Often, we think of anger as something bad in our life. As children we were taught not to display it, feel it, or talk about it. We were to simply swallow our feelings or throw them into the nearest bedroom wall and leave them there. Unfortunately, anger rarely stays where we want it to.
Anger comes in numerous shapes and forms. Sometimes it grows small, is buried deep like a seed, under cover of darkness and damp. At other times it violently explodes in colors of orange and red, spilling from your mouth and hands like humanoid lava, covering those whom you would choose to love and protect. It can turn inward, asking you to feed upon, or starve your own flesh, or turn outward and be fired out the barrel of a sawed-off shotgun. No matter what form anger takes, once it has been established in our lives, it never departs without an invitation to do so.

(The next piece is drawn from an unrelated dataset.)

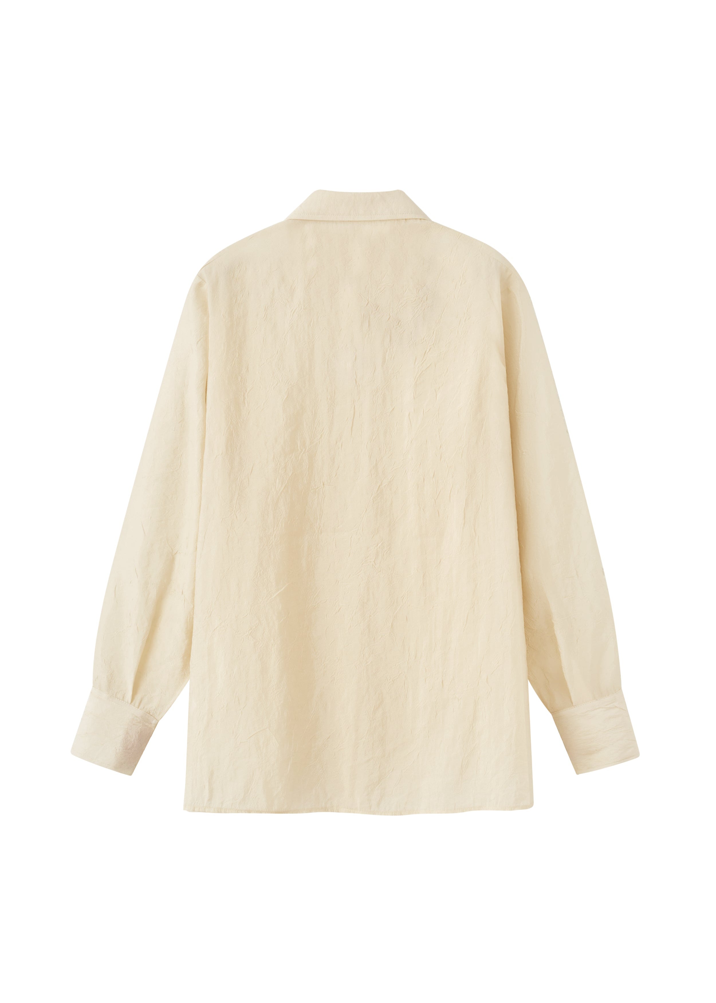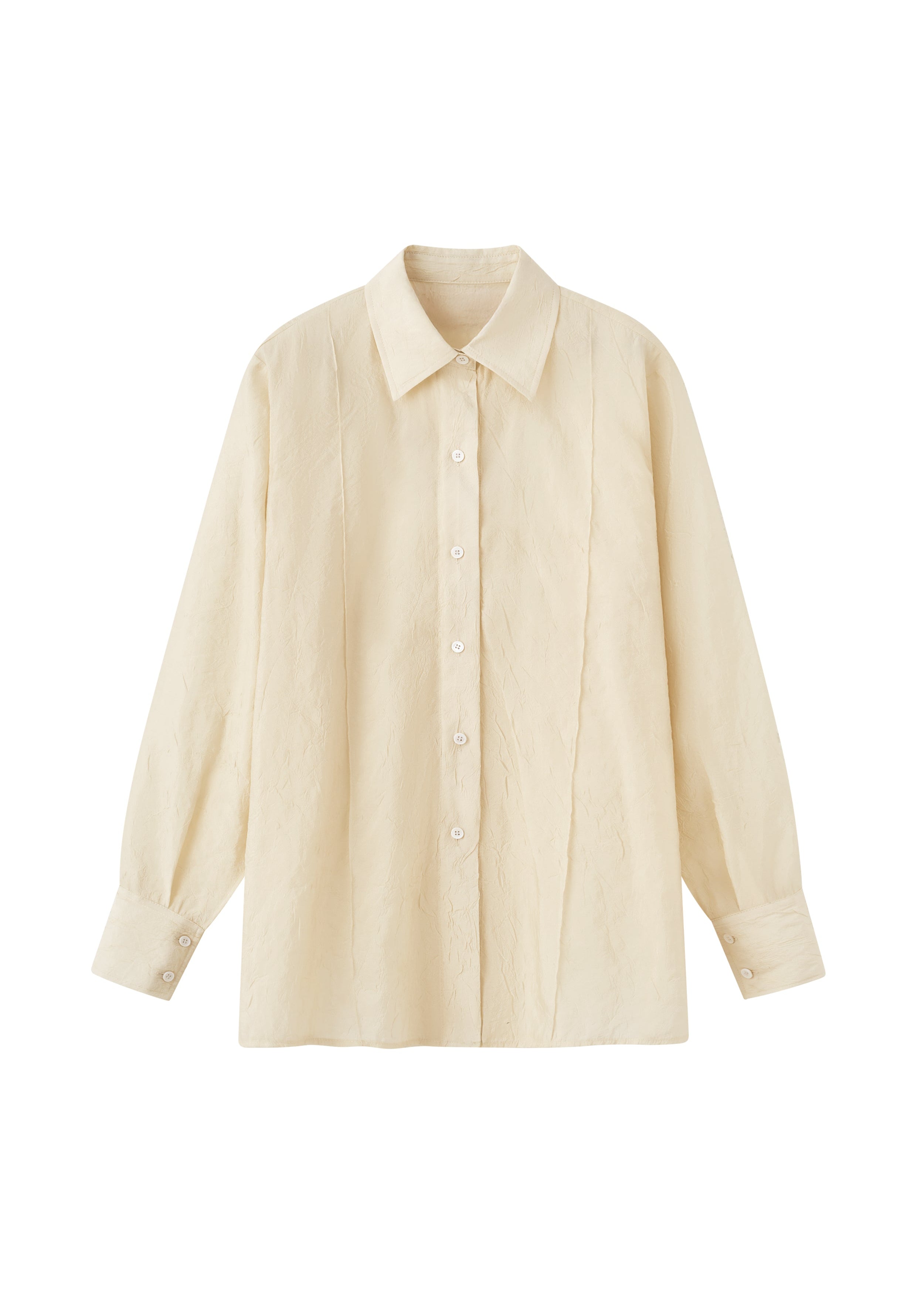 The Wrinkled Shirt is an off-white, long-sleeved garment with a pointed collar. It features a full-length front button placket and buttoned cuffs. Vertical seaming details are present on the front panels, contributing to its textured finish.

I've lived most of my life in anger. Anger was my friend, my protector, my shield against the hurtful things of the world. I used my anger like a blanket, comforting myself with self-righteousness and justification. It kept me warm at night, left me steamy and sweaty as it rested just below the surface of my skin. Yes, with my anger I could keep arguments going for days, excuse my rudeness towards family and friends, tell off anybody who got in my way and stop people in their tracks with a cold look and keep from really being honest with myself.

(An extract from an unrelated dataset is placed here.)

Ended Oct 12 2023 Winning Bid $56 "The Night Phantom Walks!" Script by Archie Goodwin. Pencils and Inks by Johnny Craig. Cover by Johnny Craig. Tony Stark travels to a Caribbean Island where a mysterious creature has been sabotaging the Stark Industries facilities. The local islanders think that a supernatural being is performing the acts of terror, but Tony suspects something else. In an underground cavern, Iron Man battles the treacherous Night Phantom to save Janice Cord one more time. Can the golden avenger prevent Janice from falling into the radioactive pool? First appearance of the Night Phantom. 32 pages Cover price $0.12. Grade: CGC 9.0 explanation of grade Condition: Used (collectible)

Yes anger was my friend. But like any relationship that is not based in love and respect, anger and I had an horrible break-up. My anger began to manifest in the form of panic attacks. I had a decision to make - give up the anger or die. Anger was not longer my friend. I needed as a kid, growing up in the projects, but the woman I became could not longer carry the weight of it.
After several years in therapy, I have finally replaced the anger with self-confidence, self-worth, self-love. The weight is lifted and I have be-friend-ed myself. Anger is no longer my friend, though he does come pass at times (like when Bernard is out past his curfew, or Christian doesn't clean his bathroom, again!, or Jerome refuses to take life wholly serious), but he doesn't stay for long.